Opinion

What the lead up to Christmas can tell you about the health of your brand’s marketing efforts

The countdown is on until the fat guy in the red suit comes to town, but it’s too late now to be coming up with a marketing strategy for the festive season, says Spinach’s Ben Wilson.

In case you missed the onslaught of Christmas TVCs and the shocking sight of festive decorations piled high in the aisles of your local supermarket, Christmas is coming.

As I write this, it’s still more than a month away so you might think you’re off the hook but if you’re a marketer and you’re talking about your holiday strategy right now instead of executing it, putting it politely, you’re kind of screwed.

If you’ve heard these words in the last month: “Shit, how do we generate more cut through at Christmas than last year?” then it’s too late for you buddy.

The reality is that these conversations will always take place and usually they do too late in the planning cycle.
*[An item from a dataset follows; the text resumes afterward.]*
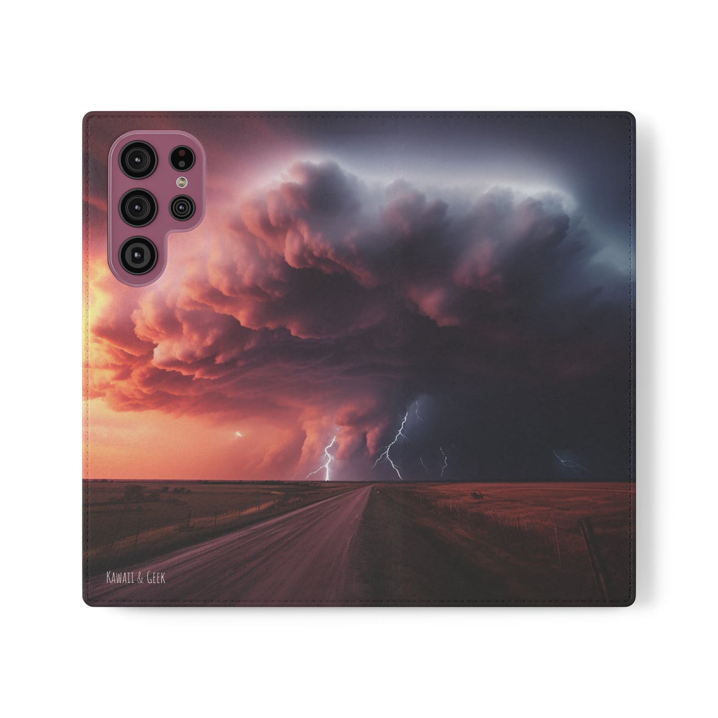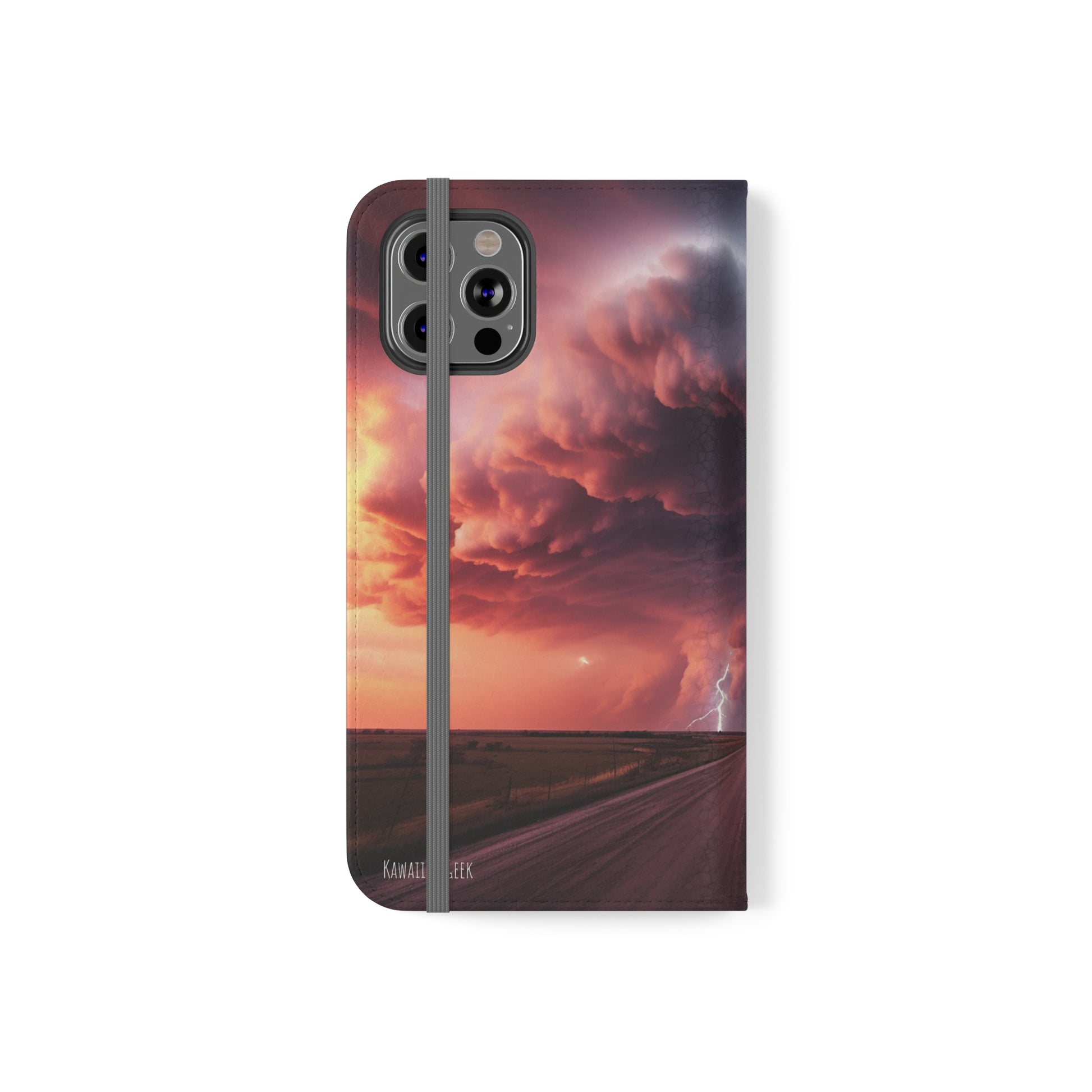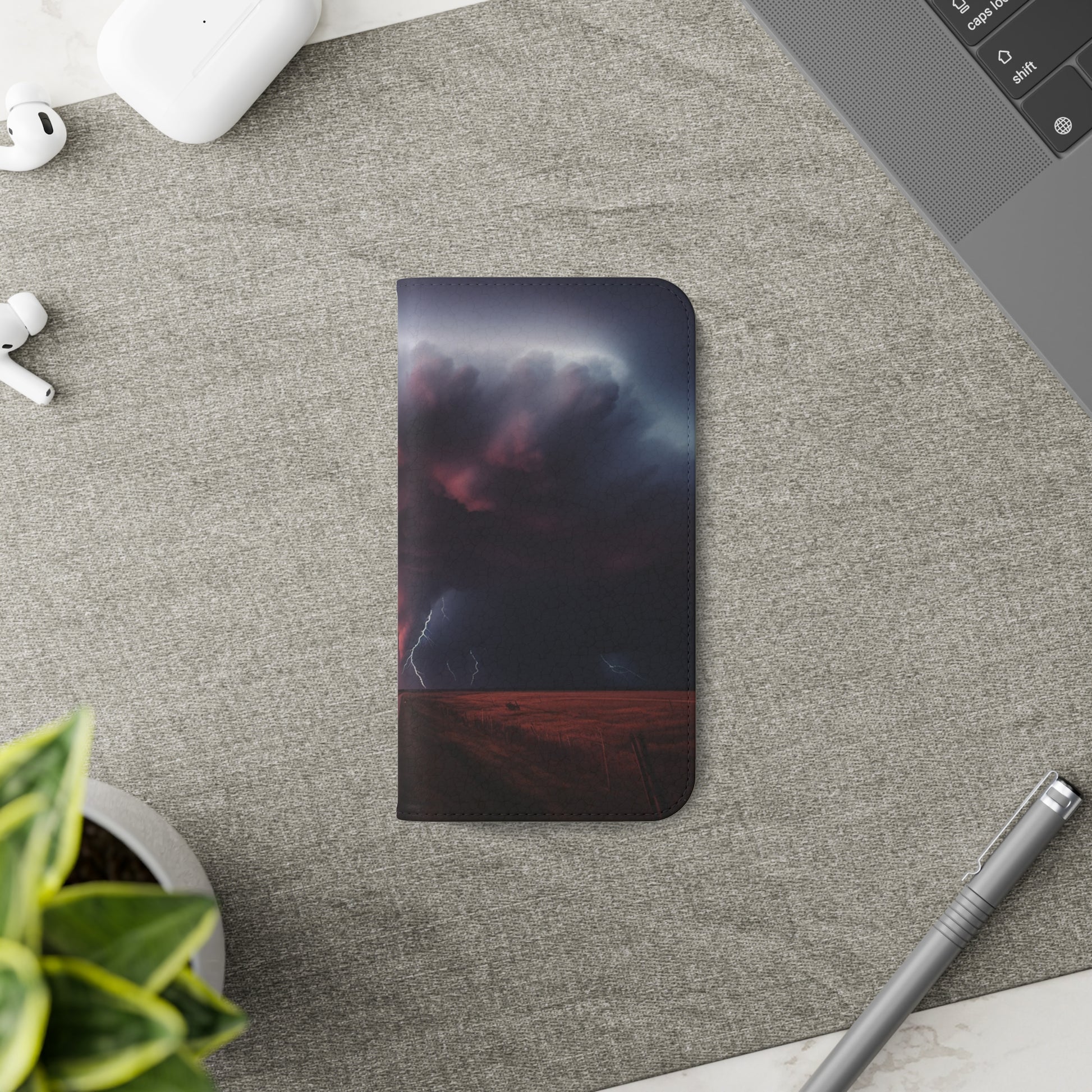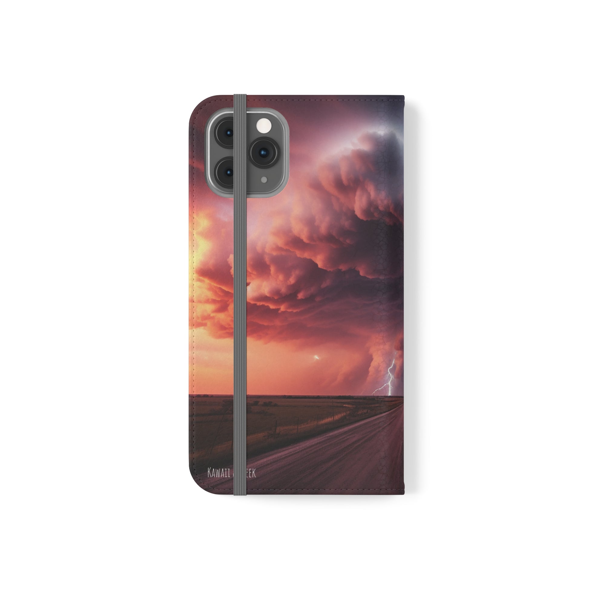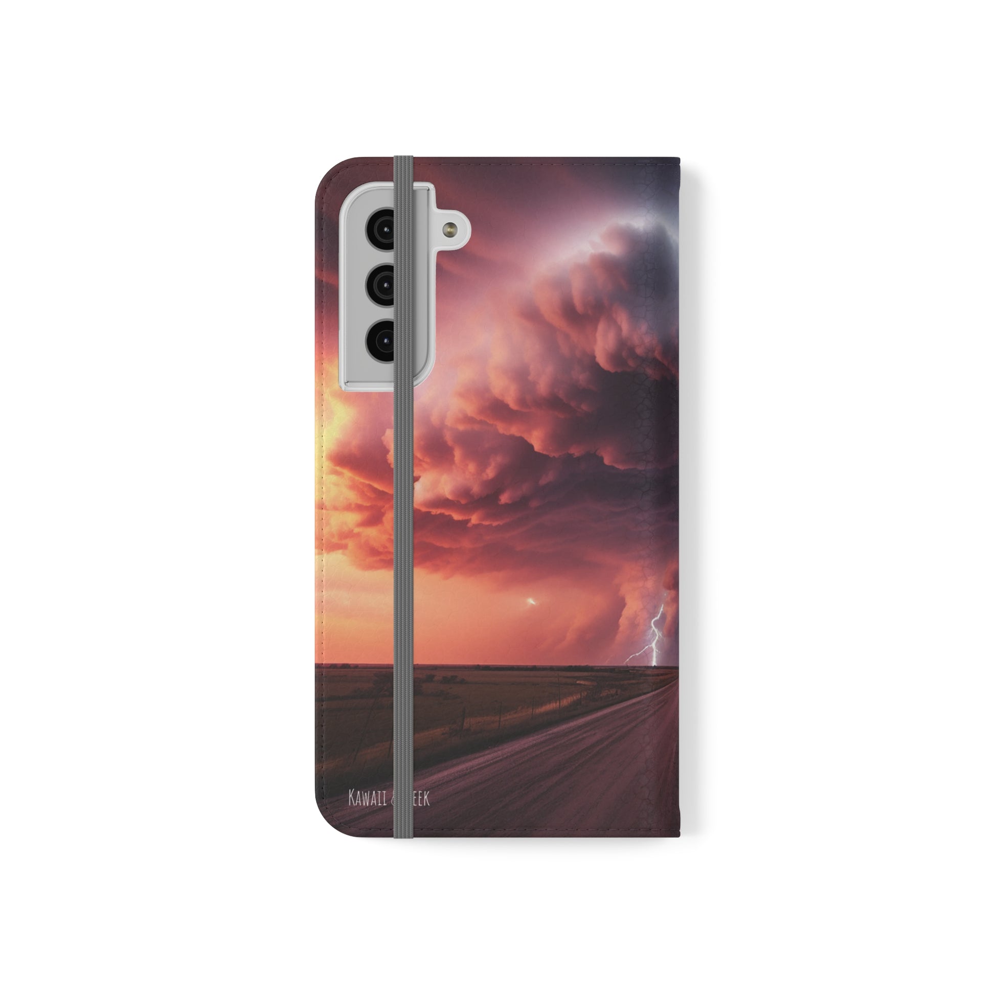 Keywords: Super cell case, Tornado phone case, Lightning case, Storm flip case, Weather enthusiast, Nature case, Electrifying design, Protective folio, Phone stand case, Faux leather case, Thunderstorm design, Swirl tornado, Storm chaser gear..

If you’re having them now, it’s because you’ve failed in building a true relationship with customers for another year.

The much-touted findings of Peter Field and Les Binet on building brand by focusing on the long-term instead of just results for the next quarter apply here. With that in mind, questions about delivering dollars over the festive season need to be asked earlier. And they should be evenly distributed between driving sales and building or protecting the brand.

So why aren’t they?

One theory is that in today’s corporate retail world, the marketing function carries less weight and gets less face time than it once did with the C-suite. And short term, quarter by quarter reporting of results provides little focus on long term brand health and relationship trends.

Perhaps this has shifted power in the age-old battle between marketing and merchandising.

Supporting that is anecdotal evidence throughout the industry that it’s uncommon for marketing teams to push back on merchandising; whether that be to refuse to cram more offers or products into a catalogue spread or to hold firm when an attempt to hijack a brand-focused outdoor campaign is underway.

This moment in time – the blink-and-you-might-miss-it window between Melbourne Cup and December 25 – can tell you more about the health of your marketing approach than the sales result for the quarter.

Take this opportunity to have a good hard look at where you’ve landed in the lead-up to Santa’s appearance. Have you used all the tools in your arsenal from data to digital and everything in between, or are you desperately throwing shit at a wall hoping it will stick?

If you’re working for a brand that is currently discussing the merits of adopting aggressive art direction, harder hitting headlines and screaming value at the audience for the next six weeks, don’t despair. It’s clearly too late to turn this around in time for Christmas this year, but there’s hope for next year.

Building a real and ongoing relationship with customers is like any relationship: it takes time, with each positive step you build on the last. Leaving things to the last minute and then shouting at them might get people to do something, but it’s not going to lead to a lasting love affair.

Ben Wilson is the group account director at Spinach.